(Data supplied begins)

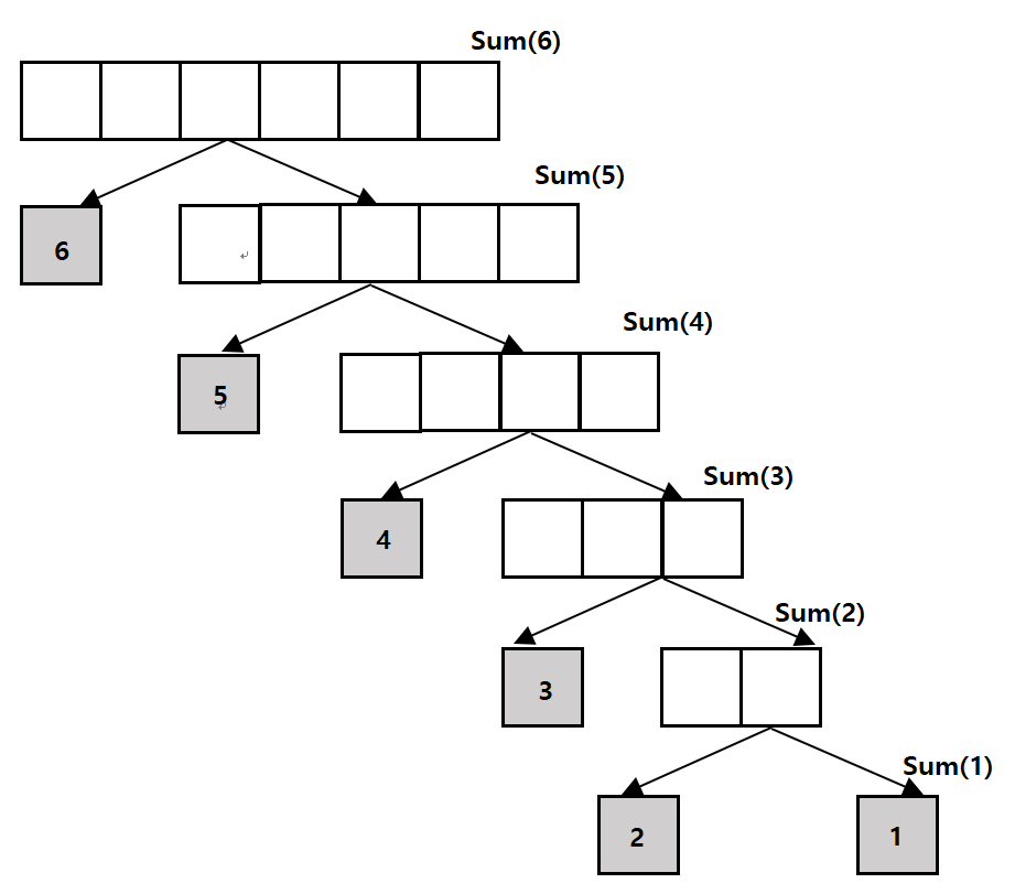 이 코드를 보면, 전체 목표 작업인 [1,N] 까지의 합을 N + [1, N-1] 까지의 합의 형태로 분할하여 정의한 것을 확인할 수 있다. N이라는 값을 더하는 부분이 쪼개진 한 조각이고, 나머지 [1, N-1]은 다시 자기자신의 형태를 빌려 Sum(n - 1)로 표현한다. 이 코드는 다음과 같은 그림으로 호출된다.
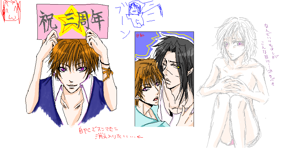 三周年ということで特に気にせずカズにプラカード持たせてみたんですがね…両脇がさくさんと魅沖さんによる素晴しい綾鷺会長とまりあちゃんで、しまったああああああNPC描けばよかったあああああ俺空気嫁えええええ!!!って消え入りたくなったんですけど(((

(Data supplied ends)
(Data supplied begins)

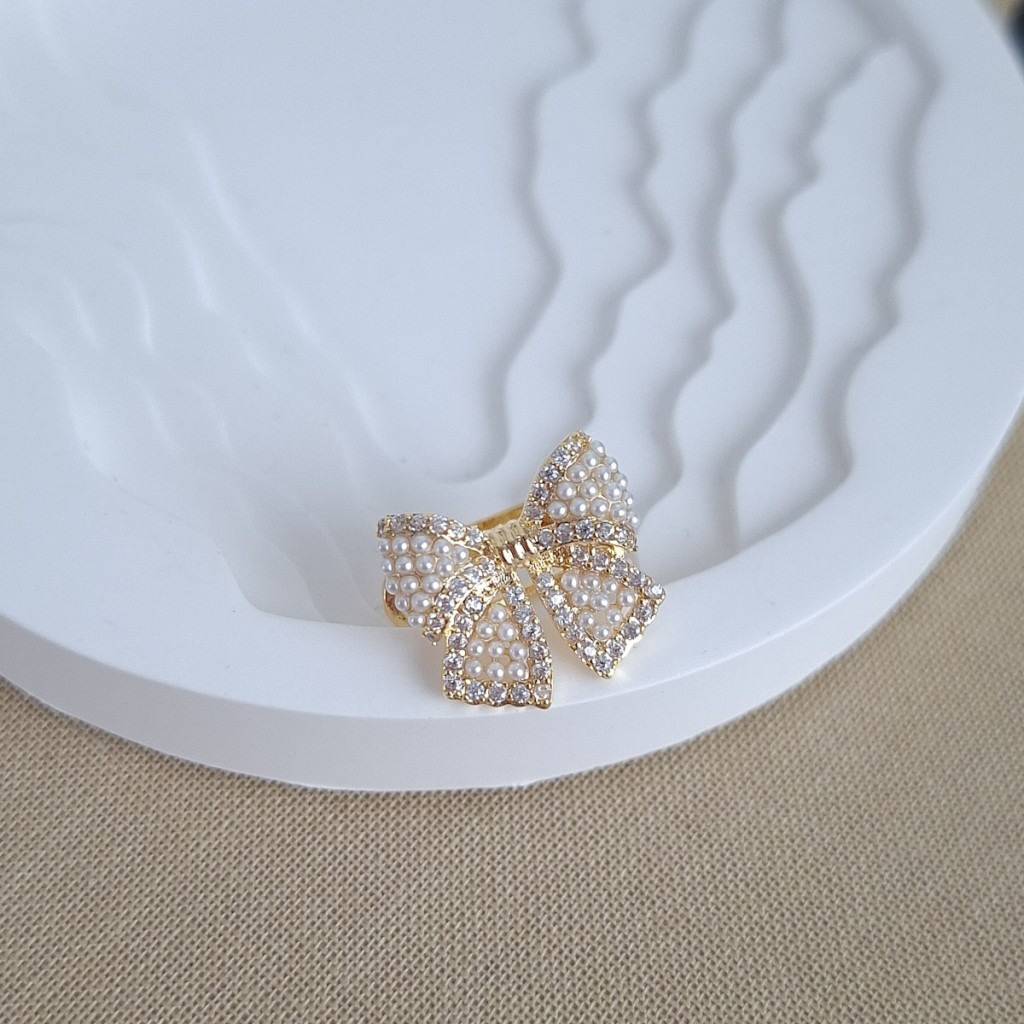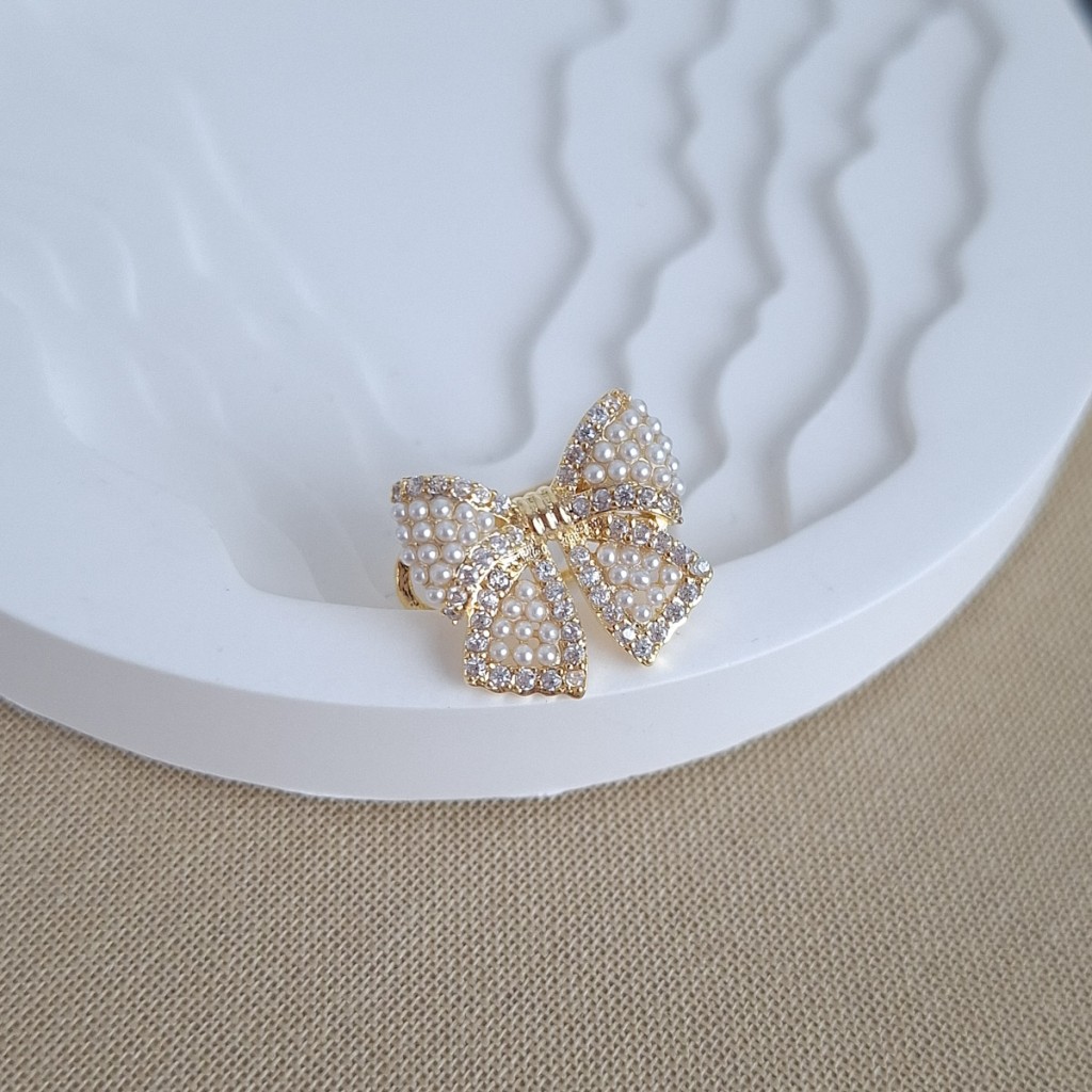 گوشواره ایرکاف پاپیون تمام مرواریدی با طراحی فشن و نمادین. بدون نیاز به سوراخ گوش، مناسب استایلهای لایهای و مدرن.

(Data supplied ends)

*What is expected*: Transcribe, word for word, the lines of the listing above from the one that contains "이 코드를 보면, 전체" through the one that contains "三周年ということで特に気にせ", keeping both ends and dropping the pictures.

*Response below*:
 이 코드를 보면, 전체 목표 작업인 [1,N] 까지의 합을 N + [1, N-1] 까지의 합의 형태로 분할하여 정의한 것을 확인할 수 있다. N이라는 값을 더하는 부분이 쪼개진 한 조각이고, 나머지 [1, N-1]은 다시 자기자신의 형태를 빌려 Sum(n - 1)로 표현한다. 이 코드는 다음과 같은 그림으로 호출된다.
 三周年ということで特に気にせずカズにプラカード持たせてみたんですがね…両脇がさくさんと魅沖さんによる素晴しい綾鷺会長とまりあちゃんで、しまったああああああNPC描けばよかったあああああ俺空気嫁えええええ!!!って消え入りたくなったんですけど(((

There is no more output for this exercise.